WHAT YOU HAVE TO DO —
Please filter the data down to the lines that include the word "einen" and copy them.

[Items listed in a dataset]
- - -

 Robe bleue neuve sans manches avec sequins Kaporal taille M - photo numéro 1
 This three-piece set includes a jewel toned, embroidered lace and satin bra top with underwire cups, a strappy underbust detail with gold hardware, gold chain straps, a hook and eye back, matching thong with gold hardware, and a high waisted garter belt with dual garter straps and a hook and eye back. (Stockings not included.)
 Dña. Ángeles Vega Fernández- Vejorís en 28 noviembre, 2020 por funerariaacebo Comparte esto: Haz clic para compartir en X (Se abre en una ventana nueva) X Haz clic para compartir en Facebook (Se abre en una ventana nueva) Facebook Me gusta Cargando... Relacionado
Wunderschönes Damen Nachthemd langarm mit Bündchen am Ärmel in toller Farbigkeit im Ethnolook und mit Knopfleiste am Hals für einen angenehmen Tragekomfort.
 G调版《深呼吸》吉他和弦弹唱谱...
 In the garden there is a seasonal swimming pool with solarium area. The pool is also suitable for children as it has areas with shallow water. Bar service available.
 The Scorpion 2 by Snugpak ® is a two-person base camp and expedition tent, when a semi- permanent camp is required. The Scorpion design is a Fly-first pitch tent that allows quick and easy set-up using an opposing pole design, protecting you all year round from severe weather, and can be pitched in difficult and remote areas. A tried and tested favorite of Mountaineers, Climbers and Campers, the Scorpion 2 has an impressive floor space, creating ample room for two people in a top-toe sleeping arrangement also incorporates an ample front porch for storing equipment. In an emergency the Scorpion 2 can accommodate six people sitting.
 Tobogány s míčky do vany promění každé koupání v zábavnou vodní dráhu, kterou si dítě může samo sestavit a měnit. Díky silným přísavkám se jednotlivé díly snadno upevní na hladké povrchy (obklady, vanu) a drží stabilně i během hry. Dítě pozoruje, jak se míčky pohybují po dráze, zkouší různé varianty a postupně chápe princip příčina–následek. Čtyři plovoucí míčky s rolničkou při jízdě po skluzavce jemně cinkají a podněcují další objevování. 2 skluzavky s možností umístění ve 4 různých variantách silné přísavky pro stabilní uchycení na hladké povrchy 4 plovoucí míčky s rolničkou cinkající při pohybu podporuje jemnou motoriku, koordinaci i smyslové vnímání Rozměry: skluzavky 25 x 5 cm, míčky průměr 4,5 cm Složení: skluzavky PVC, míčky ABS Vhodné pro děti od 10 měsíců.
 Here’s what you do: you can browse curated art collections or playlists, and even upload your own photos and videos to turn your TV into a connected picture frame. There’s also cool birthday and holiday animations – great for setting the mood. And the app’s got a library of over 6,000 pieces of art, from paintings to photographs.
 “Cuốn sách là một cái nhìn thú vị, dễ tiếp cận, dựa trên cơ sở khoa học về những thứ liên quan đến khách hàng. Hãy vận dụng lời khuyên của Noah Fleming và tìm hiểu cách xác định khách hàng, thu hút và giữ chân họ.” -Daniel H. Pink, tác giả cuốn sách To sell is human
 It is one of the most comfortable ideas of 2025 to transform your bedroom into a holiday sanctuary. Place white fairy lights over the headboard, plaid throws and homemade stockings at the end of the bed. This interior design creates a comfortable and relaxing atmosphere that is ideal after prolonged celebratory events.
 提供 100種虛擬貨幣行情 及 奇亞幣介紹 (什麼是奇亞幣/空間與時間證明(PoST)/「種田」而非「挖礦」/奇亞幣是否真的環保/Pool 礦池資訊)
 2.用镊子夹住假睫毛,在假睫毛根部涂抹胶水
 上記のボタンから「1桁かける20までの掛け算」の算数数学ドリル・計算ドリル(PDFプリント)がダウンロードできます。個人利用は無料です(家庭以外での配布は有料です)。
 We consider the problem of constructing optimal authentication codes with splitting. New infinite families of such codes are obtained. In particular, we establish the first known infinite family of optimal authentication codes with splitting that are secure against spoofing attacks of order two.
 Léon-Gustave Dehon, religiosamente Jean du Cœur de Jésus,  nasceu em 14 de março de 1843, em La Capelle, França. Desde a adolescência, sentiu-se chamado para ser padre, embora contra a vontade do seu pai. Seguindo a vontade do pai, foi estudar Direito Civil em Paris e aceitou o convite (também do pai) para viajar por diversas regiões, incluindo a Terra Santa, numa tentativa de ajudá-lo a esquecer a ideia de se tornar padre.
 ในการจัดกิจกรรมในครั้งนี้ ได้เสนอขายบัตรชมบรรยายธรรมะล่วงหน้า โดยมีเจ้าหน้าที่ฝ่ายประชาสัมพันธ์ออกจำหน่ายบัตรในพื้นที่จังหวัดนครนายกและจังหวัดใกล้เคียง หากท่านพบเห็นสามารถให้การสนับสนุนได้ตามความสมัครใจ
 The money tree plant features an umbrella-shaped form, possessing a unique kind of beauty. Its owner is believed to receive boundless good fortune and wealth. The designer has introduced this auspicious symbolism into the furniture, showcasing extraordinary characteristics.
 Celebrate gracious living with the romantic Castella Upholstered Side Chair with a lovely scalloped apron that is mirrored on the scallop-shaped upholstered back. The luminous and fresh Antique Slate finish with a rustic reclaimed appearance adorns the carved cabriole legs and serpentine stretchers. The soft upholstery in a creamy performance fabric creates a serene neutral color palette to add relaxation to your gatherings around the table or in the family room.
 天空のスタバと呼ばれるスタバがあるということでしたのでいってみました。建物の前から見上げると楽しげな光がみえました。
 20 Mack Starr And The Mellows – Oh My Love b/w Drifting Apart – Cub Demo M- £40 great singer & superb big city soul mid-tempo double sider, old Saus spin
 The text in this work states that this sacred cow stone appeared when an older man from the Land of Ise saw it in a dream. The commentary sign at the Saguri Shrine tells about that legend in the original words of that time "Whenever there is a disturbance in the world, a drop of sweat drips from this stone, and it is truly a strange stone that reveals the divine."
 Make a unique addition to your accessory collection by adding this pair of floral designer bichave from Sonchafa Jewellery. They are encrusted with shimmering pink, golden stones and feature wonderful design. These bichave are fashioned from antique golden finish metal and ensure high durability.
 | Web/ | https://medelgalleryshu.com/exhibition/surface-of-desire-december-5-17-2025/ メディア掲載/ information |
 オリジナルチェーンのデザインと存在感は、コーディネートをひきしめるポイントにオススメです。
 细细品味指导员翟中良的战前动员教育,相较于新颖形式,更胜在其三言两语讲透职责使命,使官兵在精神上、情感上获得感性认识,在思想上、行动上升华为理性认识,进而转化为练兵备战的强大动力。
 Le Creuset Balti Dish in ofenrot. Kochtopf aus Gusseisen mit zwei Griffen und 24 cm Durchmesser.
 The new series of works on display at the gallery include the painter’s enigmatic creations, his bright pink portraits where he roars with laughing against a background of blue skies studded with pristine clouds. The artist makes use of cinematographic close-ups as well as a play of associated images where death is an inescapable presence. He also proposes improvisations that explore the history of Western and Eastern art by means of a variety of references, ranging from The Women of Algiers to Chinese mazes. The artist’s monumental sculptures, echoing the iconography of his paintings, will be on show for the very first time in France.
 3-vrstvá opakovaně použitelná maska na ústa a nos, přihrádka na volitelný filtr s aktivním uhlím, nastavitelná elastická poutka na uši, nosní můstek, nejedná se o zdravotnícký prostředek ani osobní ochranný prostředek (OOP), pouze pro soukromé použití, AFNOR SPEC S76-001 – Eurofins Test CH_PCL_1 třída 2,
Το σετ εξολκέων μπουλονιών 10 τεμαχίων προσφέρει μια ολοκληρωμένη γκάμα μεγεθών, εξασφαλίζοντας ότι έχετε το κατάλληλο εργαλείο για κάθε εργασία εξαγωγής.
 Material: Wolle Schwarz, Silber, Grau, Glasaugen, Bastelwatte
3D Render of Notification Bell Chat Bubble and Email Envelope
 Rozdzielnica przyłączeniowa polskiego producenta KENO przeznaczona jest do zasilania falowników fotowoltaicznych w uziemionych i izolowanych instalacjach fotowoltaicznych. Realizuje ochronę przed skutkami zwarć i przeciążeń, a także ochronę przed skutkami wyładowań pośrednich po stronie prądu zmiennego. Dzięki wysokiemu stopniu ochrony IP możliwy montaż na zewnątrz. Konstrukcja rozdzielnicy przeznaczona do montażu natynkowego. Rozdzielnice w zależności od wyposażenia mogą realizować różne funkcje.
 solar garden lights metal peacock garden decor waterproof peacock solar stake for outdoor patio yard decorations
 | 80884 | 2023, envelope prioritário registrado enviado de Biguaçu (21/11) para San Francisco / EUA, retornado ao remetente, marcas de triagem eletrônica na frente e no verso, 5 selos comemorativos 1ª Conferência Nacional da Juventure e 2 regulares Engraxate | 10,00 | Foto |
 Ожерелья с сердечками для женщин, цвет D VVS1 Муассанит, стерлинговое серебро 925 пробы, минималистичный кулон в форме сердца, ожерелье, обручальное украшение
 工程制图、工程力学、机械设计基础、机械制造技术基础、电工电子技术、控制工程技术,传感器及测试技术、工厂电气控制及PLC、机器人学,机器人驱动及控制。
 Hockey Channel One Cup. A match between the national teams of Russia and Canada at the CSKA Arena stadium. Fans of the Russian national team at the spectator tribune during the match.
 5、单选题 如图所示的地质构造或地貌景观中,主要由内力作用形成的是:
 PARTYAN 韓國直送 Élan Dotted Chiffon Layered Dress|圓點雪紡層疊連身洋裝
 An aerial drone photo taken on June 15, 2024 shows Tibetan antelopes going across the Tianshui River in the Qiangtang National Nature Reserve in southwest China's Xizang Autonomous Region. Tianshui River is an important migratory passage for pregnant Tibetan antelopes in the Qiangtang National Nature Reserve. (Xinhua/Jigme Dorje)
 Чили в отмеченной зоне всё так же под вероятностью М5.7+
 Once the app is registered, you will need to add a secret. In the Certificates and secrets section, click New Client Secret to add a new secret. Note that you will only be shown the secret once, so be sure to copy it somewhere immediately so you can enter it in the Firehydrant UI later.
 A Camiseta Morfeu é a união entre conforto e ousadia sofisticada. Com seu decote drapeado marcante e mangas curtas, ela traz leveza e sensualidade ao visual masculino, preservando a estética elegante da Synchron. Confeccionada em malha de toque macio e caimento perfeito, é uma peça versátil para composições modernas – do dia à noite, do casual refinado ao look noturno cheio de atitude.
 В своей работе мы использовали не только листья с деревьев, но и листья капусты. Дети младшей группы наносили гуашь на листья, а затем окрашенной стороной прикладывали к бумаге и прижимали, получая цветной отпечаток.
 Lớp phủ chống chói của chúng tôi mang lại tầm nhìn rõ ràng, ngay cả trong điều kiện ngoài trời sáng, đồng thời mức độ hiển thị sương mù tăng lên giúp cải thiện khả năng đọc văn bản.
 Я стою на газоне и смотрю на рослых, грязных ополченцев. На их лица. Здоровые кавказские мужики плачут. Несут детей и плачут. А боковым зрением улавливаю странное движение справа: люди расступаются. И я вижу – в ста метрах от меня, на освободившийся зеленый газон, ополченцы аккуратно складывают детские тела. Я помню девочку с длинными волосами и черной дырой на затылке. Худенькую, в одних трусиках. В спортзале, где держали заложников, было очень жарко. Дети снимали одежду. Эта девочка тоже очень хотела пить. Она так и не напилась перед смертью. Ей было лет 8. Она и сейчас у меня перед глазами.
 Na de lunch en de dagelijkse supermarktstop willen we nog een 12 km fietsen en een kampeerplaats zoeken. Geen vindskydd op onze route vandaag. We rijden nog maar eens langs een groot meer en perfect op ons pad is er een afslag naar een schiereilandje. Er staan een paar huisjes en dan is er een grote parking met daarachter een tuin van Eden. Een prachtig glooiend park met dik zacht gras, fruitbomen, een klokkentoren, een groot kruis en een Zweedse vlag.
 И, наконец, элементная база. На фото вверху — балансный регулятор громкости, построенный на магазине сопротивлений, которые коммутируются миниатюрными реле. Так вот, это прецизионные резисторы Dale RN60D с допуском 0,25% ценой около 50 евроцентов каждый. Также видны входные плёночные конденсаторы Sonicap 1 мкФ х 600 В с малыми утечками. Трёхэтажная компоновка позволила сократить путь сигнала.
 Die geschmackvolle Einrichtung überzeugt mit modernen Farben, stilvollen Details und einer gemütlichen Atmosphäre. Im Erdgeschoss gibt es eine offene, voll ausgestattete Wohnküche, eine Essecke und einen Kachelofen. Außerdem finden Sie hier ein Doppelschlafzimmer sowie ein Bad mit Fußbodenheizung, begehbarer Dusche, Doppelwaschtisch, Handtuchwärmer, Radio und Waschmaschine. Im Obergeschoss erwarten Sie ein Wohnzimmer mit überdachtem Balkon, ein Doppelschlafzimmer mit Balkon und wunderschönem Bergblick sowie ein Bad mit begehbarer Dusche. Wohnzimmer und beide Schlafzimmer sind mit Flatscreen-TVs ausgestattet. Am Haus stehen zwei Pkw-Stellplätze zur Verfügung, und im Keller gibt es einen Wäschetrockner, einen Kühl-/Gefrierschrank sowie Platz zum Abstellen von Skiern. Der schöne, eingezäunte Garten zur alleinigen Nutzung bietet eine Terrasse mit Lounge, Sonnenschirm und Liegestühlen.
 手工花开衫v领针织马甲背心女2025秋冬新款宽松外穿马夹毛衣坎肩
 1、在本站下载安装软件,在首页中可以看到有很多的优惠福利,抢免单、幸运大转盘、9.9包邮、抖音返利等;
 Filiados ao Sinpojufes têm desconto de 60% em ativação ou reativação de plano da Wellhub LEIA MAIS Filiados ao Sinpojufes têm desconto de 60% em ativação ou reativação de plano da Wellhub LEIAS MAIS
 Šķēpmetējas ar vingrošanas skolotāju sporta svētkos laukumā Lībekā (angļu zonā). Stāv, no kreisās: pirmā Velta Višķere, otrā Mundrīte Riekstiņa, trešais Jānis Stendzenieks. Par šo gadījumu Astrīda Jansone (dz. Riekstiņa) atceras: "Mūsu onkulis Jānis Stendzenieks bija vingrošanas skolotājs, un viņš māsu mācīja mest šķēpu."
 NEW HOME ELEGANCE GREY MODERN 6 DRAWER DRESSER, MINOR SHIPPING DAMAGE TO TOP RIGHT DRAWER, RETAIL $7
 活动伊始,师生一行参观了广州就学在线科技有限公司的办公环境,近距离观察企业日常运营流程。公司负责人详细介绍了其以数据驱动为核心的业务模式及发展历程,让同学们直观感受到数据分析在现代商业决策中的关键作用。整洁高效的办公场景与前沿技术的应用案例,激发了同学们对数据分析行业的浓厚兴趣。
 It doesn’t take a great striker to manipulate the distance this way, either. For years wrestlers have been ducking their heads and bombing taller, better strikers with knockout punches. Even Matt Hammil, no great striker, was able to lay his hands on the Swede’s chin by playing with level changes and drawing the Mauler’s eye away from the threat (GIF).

- - -

ANSWER AREA —
Wunderschönes Damen Nachthemd langarm mit Bündchen am Ärmel in toller Farbigkeit im Ethnolook und mit Knopfleiste am Hals für einen angenehmen Tragekomfort.
 Die geschmackvolle Einrichtung überzeugt mit modernen Farben, stilvollen Details und einer gemütlichen Atmosphäre. Im Erdgeschoss gibt es eine offene, voll ausgestattete Wohnküche, eine Essecke und einen Kachelofen. Außerdem finden Sie hier ein Doppelschlafzimmer sowie ein Bad mit Fußbodenheizung, begehbarer Dusche, Doppelwaschtisch, Handtuchwärmer, Radio und Waschmaschine. Im Obergeschoss erwarten Sie ein Wohnzimmer mit überdachtem Balkon, ein Doppelschlafzimmer mit Balkon und wunderschönem Bergblick sowie ein Bad mit begehbarer Dusche. Wohnzimmer und beide Schlafzimmer sind mit Flatscreen-TVs ausgestattet. Am Haus stehen zwei Pkw-Stellplätze zur Verfügung, und im Keller gibt es einen Wäschetrockner, einen Kühl-/Gefrierschrank sowie Platz zum Abstellen von Skiern. Der schöne, eingezäunte Garten zur alleinigen Nutzung bietet eine Terrasse mit Lounge, Sonnenschirm und Liegestühlen.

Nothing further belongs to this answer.